Two mutations identified that make the avian flu virus more dangerous in the United States than in Europe

The current situation with the highly pathogenic avian influenza (HPAI) H5N1 virus is generating great alarm worldwide, due to multiple outbreaks in wild birds, poultry, and mammals. This study analyzed the differences in pathogenicity between two H5N1 viruses belonging to clade 2.3.4.4b, but from different lineages: North American and Eurasian.

This work is highly relevant, since previous observations suggested that the more recent American lineage exhibits a greater capacity for systemic dissemination, as well as greater tropism and invasion of the nervous system (neurotropism and neuroinvasion), and adaptation to mammals. However, the molecular mechanisms underlying these changes are not fully understood.

Using both in vitro and in vivo models, the researchers provide solid evidence of some of the molecular mechanisms responsible for the increased pathogenicity of the virus and its possible adaptation to mammals. In particular, two key mutations in distinct viral genes (PB2-478I and NP-450N) were identified that significantly increase viral polymerase activity, resulting in enhanced replication capacity.

These mutations not only enhance viral replication but also promote immune cell infection and systemic dissemination, contributing to increased virulence. Furthermore, these changes could play a crucial role in virus adaptation to mammals.

In conclusion, this carefully designed study provides crucial scientific evidence on the genetic determinants associated with the virulence of the H5N1 avian influenza virus subtype. Given the continued global spread of this virus and its growing threat to public health, it is essential to strengthen epidemiological surveillance efforts, as well as to continue research focused on the molecular mechanisms of pathogenicity and virus adaptation to new mammalian species.

'This article represents advanced work that seeks to reveal why the H5N1 virus behaves differently in North America and Europe. Researchers use ferret experiments and novel techniques to first determine in parallel which specific cells are infected by American and European H5N1 viruses and, in parallel, sequence the complete genome of both viruses. Using this methodology, they detected two mutations present in the American isolate that were not present in the European one. They verified these results with replication tests of the two viruses in different cell cultures, obtaining results similar to the ferret model. In the next phase, they created viruses with and without the mutations or a combination of both and confirmed that the virus without these mutations could not cause systemic infection and infection of immune system cells. However, each of the viruses with each of the mutations and the virus with both mutations caused infection of immune system cells and systemic distribution. Finally, they studied the mechanisms that changed in relation to the mutations, observing, above all, an improvement in replication and stability in immune system cells. Finally, they studied the possibility of vertical transmission of the virus through the mammary glands and the importance of the route of infection, again demonstrating the wide dispersal capacity of the North American genotype regardless of the route of infection, compared to the European genotype, which, depending on the route of inoculation, produces only a local infection of limited extent'.
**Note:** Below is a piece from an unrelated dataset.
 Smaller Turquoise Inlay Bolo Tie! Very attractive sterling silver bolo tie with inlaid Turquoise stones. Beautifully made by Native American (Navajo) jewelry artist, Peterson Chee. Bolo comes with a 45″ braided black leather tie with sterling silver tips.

What do you think of the article overall? Is it of good quality?

‘I think the article is of good quality as it provides new data that sheds light on some of the reasons for the virus's adaptation to mammals such as cows and domestic cats, but it also acknowledges the limitations of the technologies used precisely because of their novelty, which may limit the interpretation of data related, for example, to the type of cell infected.’

How does it fit in with existing evidence and what new information does it provide?
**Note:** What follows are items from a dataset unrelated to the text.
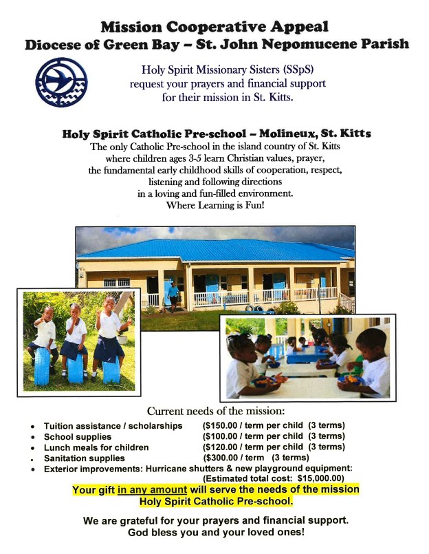 Sr. Mary Miller, SSpS from the Holy Spirit Missionary Sisters in Illinois will be at our parish on July 27th and July 28th to discuss their current needs in regards to the Mission Cooperative Appeal.
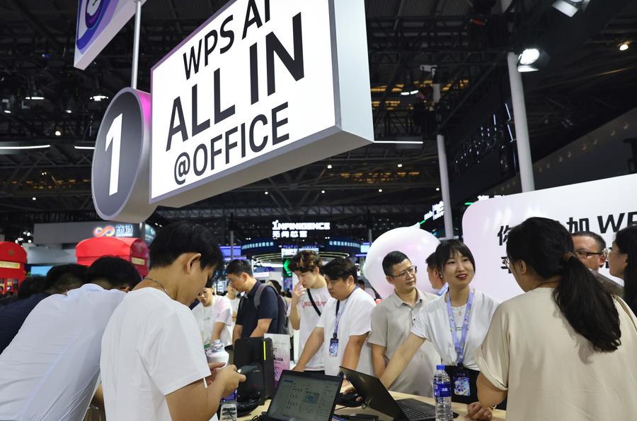 Visitors try the WPS Office AI system at the 2025 World AI Conference in east China's Shanghai, July 27, 2025. (Xinhua/Fang Zhe)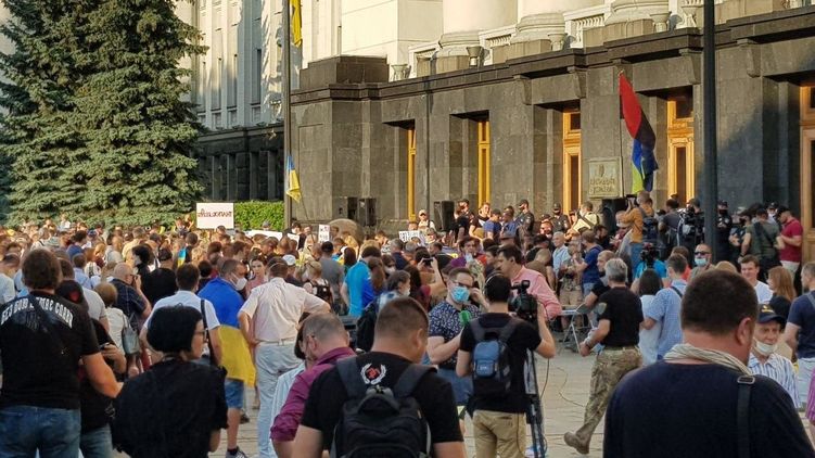 Если в начале акции перед Офисом Зеленского было около ста человек, то сейчас на Банковой уже не меньше 800 митингющих.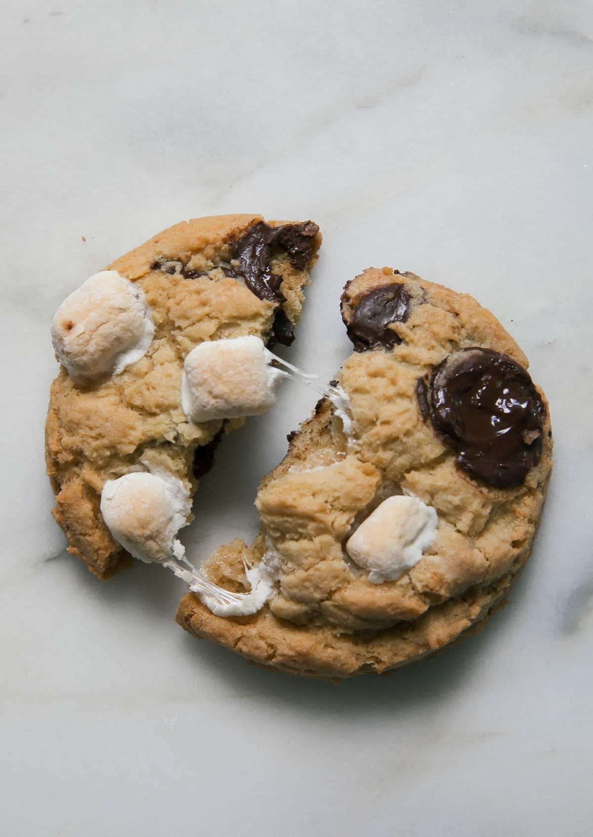 - Scoop out 6 balls of dough and space them apart onto the baking sheet. Transfer to the oven to bake for 5 minutes. At the 5-minute mark, pull the tray out of the oven and carefully push 3 to 4 mini marshmallows into the tops of the cookies. Place them back in the oven to bake for an additional 6 to 7 minutes, until the marshmallow is lightly golden brown and the cookies have baked. Allow to cool on the baking sheet for 5 minutes and then transfer to a cooling rack.

"The results partly confirm existing data and suspicions, while also raising new questions. The PB2 mutation has also been detected in the mink outbreak in Europe and had already been identified as an important mechanism for adaptation to replication in mammals. The most important contribution of the work is the identification of American IVA replication in immune system cells as one of the mechanisms of systemic dissemination and its link to the mutations described."

Are there any important limitations to consider?

'The two most important limitations are those related to the interpretation of cell identification data using the methodology employed and the limitations of the models used. The breast organoid, for example, reflects the capacity for replication in these tissues but does not provide evidence of the route of transmission between cows and between cows and humans, which is one of the great unknowns'.